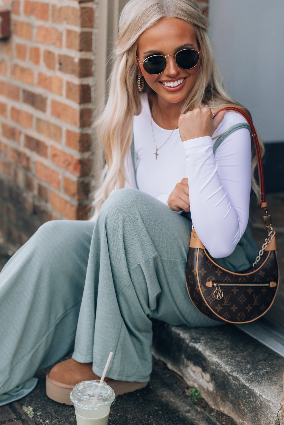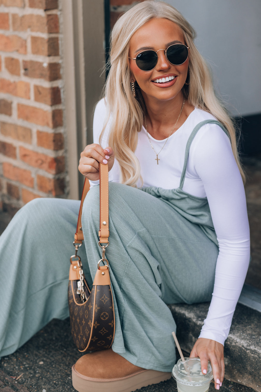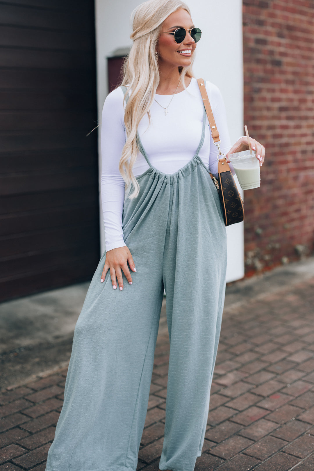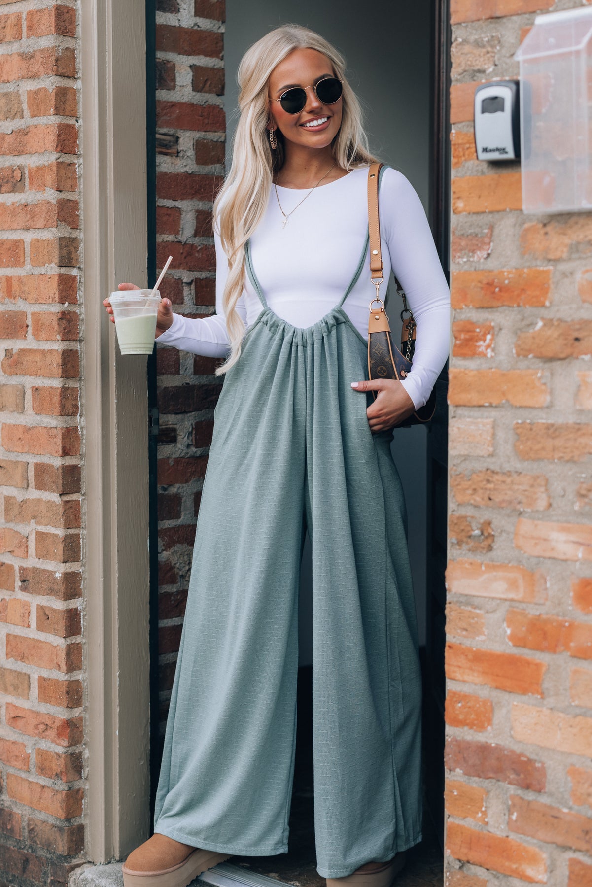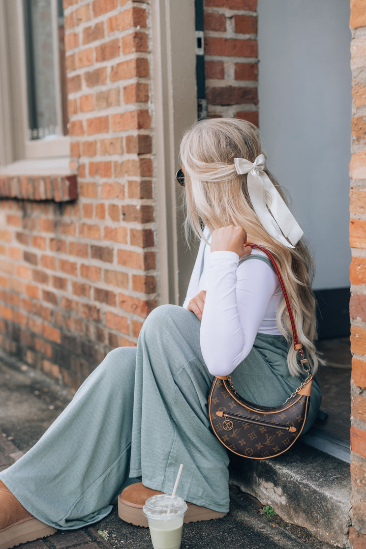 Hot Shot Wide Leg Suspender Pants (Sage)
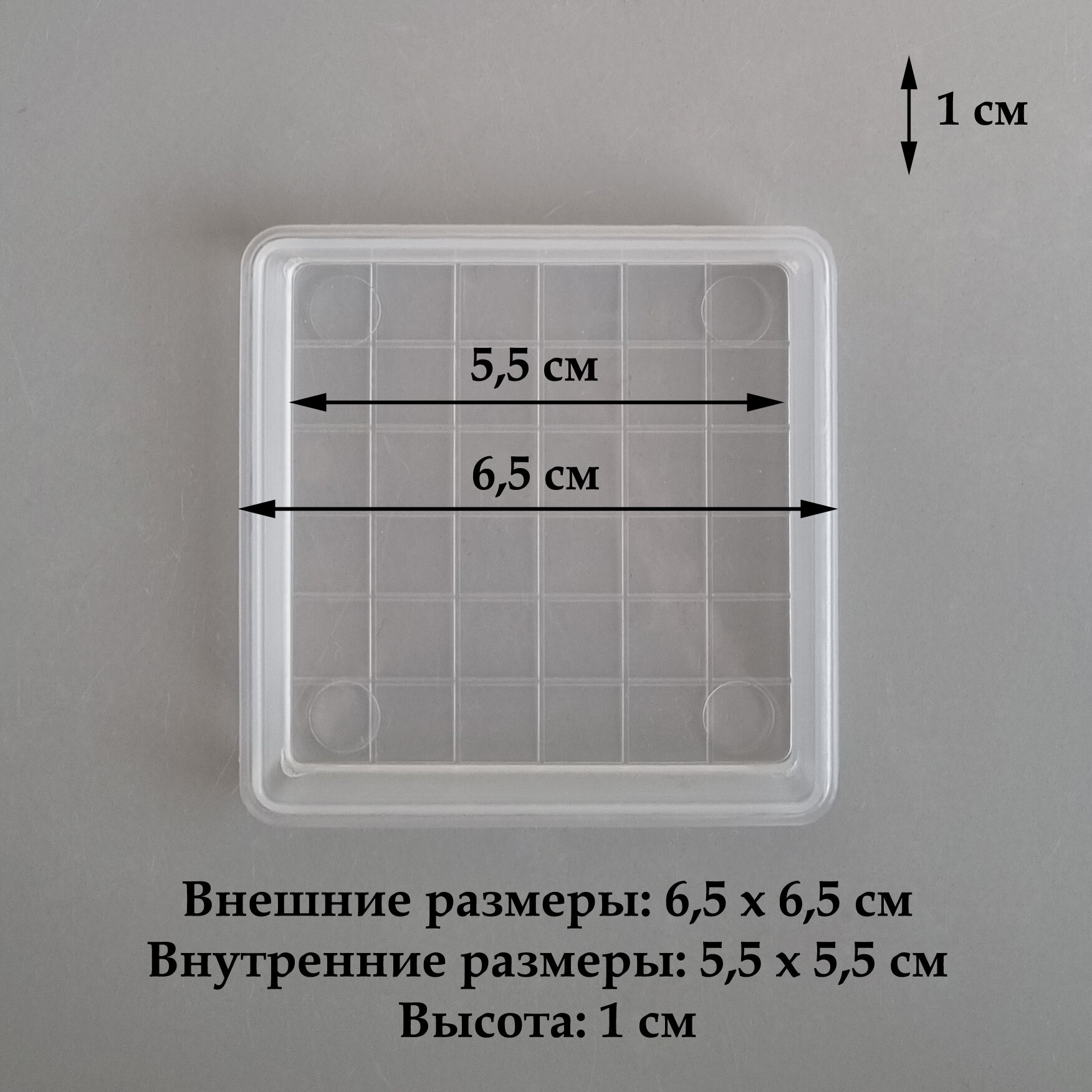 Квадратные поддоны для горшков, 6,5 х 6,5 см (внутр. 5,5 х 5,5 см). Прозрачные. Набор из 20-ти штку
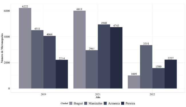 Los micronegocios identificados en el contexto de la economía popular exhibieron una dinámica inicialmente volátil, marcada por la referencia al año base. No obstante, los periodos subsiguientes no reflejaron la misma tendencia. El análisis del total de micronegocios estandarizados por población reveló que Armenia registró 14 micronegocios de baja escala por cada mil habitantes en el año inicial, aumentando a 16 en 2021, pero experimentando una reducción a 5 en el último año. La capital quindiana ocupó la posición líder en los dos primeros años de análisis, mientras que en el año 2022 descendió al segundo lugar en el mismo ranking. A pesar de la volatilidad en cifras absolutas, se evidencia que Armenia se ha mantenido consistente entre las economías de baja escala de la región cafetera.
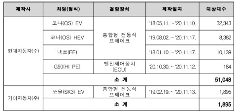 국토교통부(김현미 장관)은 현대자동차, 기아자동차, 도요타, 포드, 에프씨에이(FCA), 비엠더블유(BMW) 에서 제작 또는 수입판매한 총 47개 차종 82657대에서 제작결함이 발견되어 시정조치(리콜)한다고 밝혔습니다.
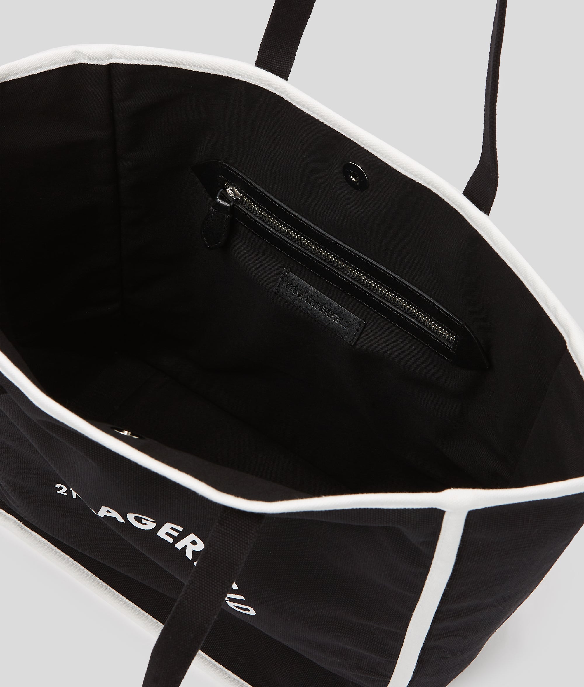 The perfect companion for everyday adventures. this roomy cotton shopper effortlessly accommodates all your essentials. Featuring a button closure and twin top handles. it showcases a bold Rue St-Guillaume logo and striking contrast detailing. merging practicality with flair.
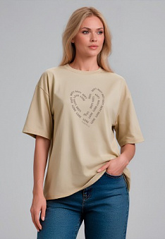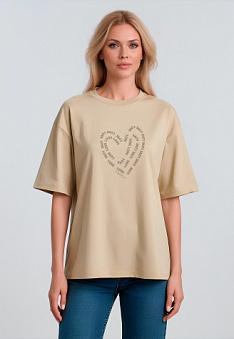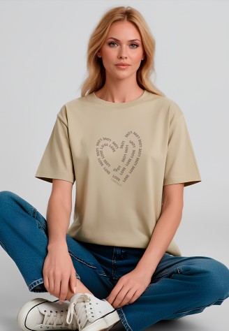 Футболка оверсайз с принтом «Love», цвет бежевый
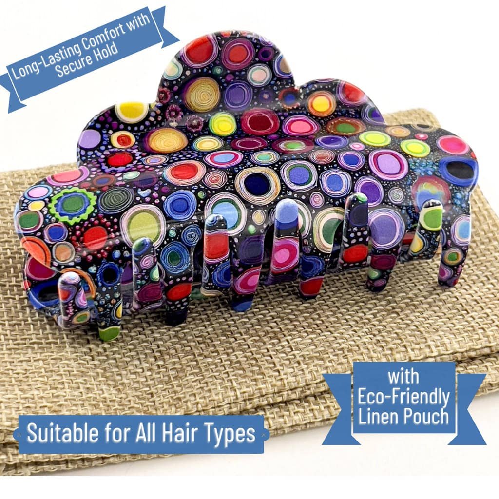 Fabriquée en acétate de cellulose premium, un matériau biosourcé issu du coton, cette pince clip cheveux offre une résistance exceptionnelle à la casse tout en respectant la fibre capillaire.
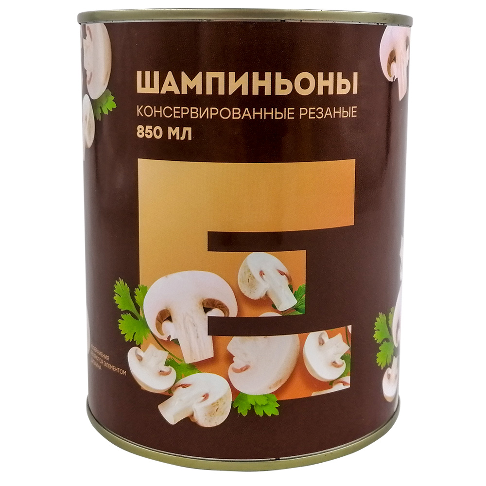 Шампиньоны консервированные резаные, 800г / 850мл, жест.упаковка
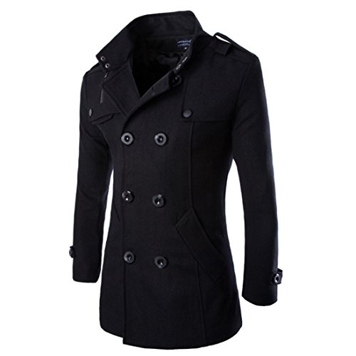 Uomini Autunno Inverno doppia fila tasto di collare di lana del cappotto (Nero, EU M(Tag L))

WORK ITEM:
Quote the material in full and exactly; do not carry over its pictures.

EXERCISE ANSWER:
 Hot Shot Wide Leg Suspender Pants (Sage)
 Квадратные поддоны для горшков, 6,5 х 6,5 см (внутр. 5,5 х 5,5 см). Прозрачные. Набор из 20-ти штку
 Los micronegocios identificados en el contexto de la economía popular exhibieron una dinámica inicialmente volátil, marcada por la referencia al año base. No obstante, los periodos subsiguientes no reflejaron la misma tendencia. El análisis del total de micronegocios estandarizados por población reveló que Armenia registró 14 micronegocios de baja escala por cada mil habitantes en el año inicial, aumentando a 16 en 2021, pero experimentando una reducción a 5 en el último año. La capital quindiana ocupó la posición líder en los dos primeros años de análisis, mientras que en el año 2022 descendió al segundo lugar en el mismo ranking. A pesar de la volatilidad en cifras absolutas, se evidencia que Armenia se ha mantenido consistente entre las economías de baja escala de la región cafetera.
 국토교통부(김현미 장관)은 현대자동차, 기아자동차, 도요타, 포드, 에프씨에이(FCA), 비엠더블유(BMW) 에서 제작 또는 수입판매한 총 47개 차종 82657대에서 제작결함이 발견되어 시정조치(리콜)한다고 밝혔습니다.
 The perfect companion for everyday adventures. this roomy cotton shopper effortlessly accommodates all your essentials. Featuring a button closure and twin top handles. it showcases a bold Rue St-Guillaume logo and striking contrast detailing. merging practicality with flair.
 Футболка оверсайз с принтом «Love», цвет бежевый
 Fabriquée en acétate de cellulose premium, un matériau biosourcé issu du coton, cette pince clip cheveux offre une résistance exceptionnelle à la casse tout en respectant la fibre capillaire.
 Шампиньоны консервированные резаные, 800г / 850мл, жест.упаковка
 Uomini Autunno Inverno doppia fila tasto di collare di lana del cappotto (Nero, EU M(Tag L))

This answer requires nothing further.